Most importantly, the test cases are not write-and-forget. Each time you find a bug, write an additional test. Check it fails with the original program, check it passes with the corrected program and add it to your test set.
An excerpt from The Art of Software Testing by Glenford J. Myers:
If an input condition specifies a range of values, write test cases for the ends of the range, and invalid-input test cases for situations just beyond the ends.
If an input condition specifies a number of values, write test cases for the minimum and maximum number of values and one beneath and beyond these values.
Use guideline 1 for each output condition.
Use guideline 2 for each output condition.
If the input or output of a program is an ordered set focus attention on the first and last elements of the set.
In addition, use your ingenuity to search for other boundary conditions
(I've only pasted the bare minimum for copyright reasons.)
Points 3. and 4. above are very important. People tend to forget boundary conditions for the outputs. 5. is OK. 6. really doesn't help :-)
Short exam
This is more difficult than it looks. Myers offers this test:
The program reads three integer values from an input dialog. The three values represent the lengths of the sides of a triangle. The program displays a message that states whether the triangle is scalene, isosceles, or equilateral.
Remember that a scalene triangle is one where no two sides are equal, whereas an isosceles triangle has two equal sides, and an equilateral triangle has three sides of equal length. Moreover, the angles opposite the equal sides in an isosceles triangle also are equal (it also follows that the sides opposite equal angles in a triangle are equal), and all angles in an equilateral triangle are equal.
Write your test cases. How many do you have? Myers asks 14 questions about your test set and reports that highly qualified professional programmes average 7.8 out of a possible 14.

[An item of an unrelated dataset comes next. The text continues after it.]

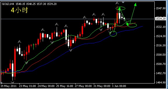 昨日回顾:昨日最高价1550.25,最低价1529.4,波动约21美金,形成影线比较长的阳柱。当前4小时布林有收口的现象,1小时未跌破布林中轨,从KD看,4小时虽然有死叉的迹象,但是比较微弱。从总的趋势上看多头依然略占上风。

From a practical standpoint, I create a list of tests that I believe must pass prior to acceptance. I test these and automate where possible. Based on how much time I've estimated for the task or how much time I've been given, I extend my test coverage to include items that should pass prior to acceptance. Of course, the line between must and should is subjective. After that, I update automated tests as bugs are discovered.
#Keith
I think you nailed it, code coverage is important to look at if you want to see how "done" you are, but I think 100% is a bit unrealistic a goal. Striving for 75-90% will give you pretty good coverage without going overboard... don't test for the pure sake of hitting 100%, because at that point you are just wasting your time.
A good code coverage tool really helps.
100% coverage doesn't mean that it definitely is adequately tested, but it's a good indicator.
For .Net NCover's quite good, but is no longer open source.
#Mike Stone -
Yeah, perhaps that should have been "high coverage" - we aim for 80% minimum, past about 95% it's usually diminishing returns, especially if you have belt 'n' braces code.